## What to work on
What is needed is a word-for-word copy of the lines below from the one with "蒋石林在整理人们向红军墓敬献的鲜花。本报记者 刘佳华 摄" through the one with "这张卡不能通常召唤。自己场上", both included, with every picture left out.

## Task material
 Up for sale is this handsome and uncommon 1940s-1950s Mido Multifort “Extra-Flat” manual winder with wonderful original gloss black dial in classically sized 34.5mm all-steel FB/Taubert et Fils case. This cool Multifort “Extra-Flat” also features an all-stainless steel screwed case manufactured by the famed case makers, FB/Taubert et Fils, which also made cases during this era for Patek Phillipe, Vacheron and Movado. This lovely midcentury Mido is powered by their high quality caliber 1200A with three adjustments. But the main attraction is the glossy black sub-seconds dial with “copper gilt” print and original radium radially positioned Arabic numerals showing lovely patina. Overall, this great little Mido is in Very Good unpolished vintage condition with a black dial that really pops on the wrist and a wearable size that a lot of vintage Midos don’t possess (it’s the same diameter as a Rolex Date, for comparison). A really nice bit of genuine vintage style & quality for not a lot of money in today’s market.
==
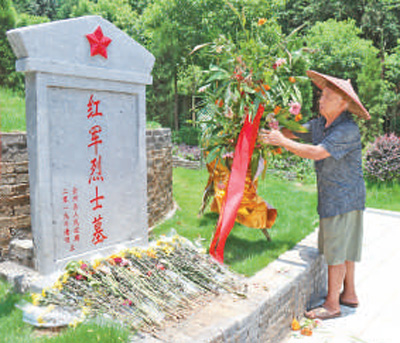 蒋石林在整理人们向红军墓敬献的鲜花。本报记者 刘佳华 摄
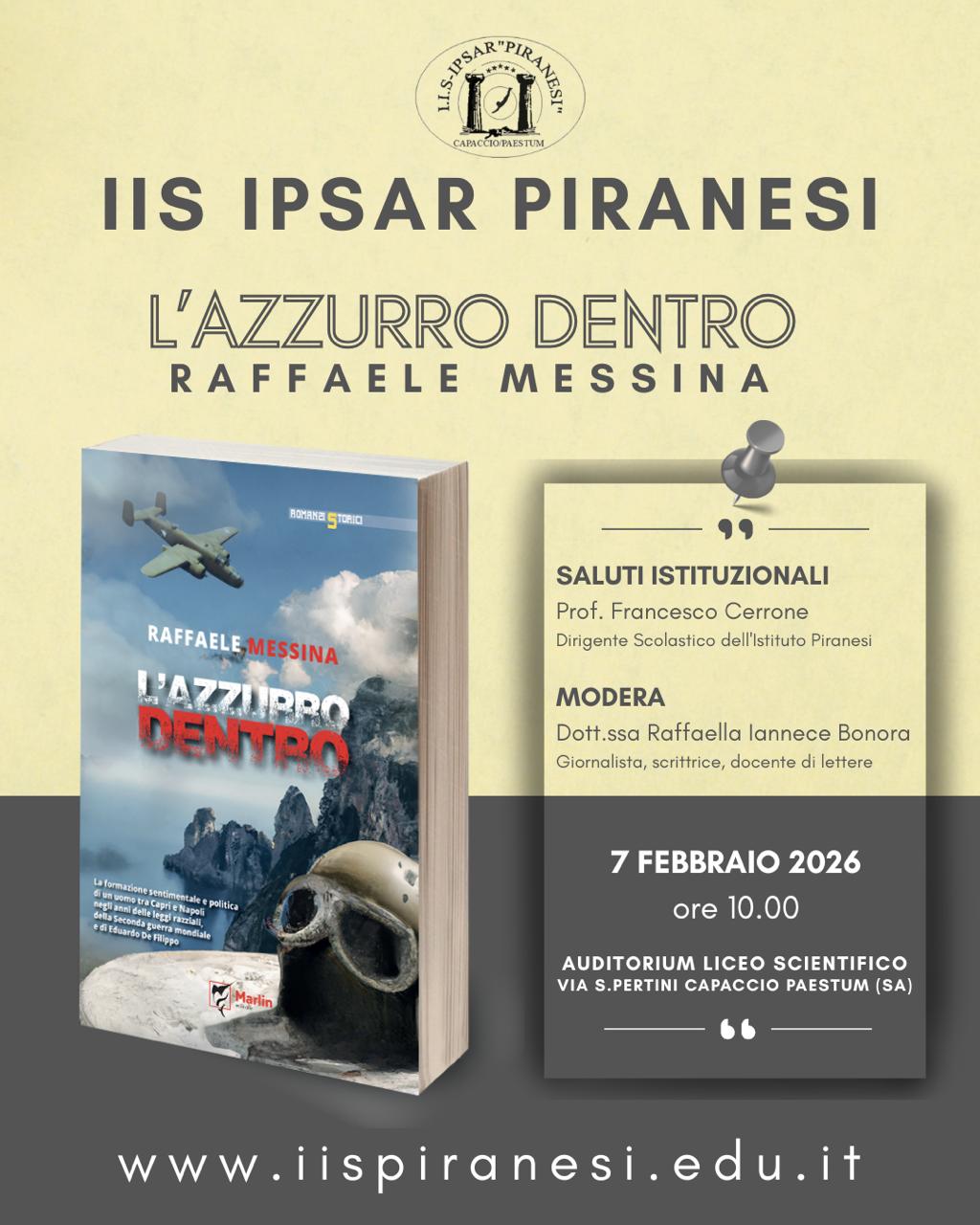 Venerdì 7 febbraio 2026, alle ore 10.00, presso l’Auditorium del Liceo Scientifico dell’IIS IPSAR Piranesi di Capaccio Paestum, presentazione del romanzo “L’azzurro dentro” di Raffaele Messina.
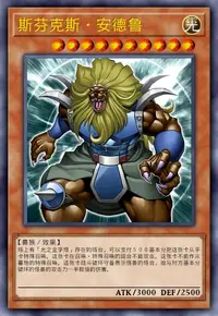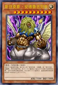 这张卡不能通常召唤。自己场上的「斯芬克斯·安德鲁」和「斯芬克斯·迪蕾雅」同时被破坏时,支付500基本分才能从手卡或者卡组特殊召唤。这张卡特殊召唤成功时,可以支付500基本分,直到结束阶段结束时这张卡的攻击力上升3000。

## Exercise response
 蒋石林在整理人们向红军墓敬献的鲜花。本报记者 刘佳华 摄
 Venerdì 7 febbraio 2026, alle ore 10.00, presso l’Auditorium del Liceo Scientifico dell’IIS IPSAR Piranesi di Capaccio Paestum, presentazione del romanzo “L’azzurro dentro” di Raffaele Messina.
 这张卡不能通常召唤。自己场上的「斯芬克斯·安德鲁」和「斯芬克斯·迪蕾雅」同时被破坏时,支付500基本分才能从手卡或者卡组特殊召唤。这张卡特殊召唤成功时,可以支付500基本分,直到结束阶段结束时这张卡的攻击力上升3000。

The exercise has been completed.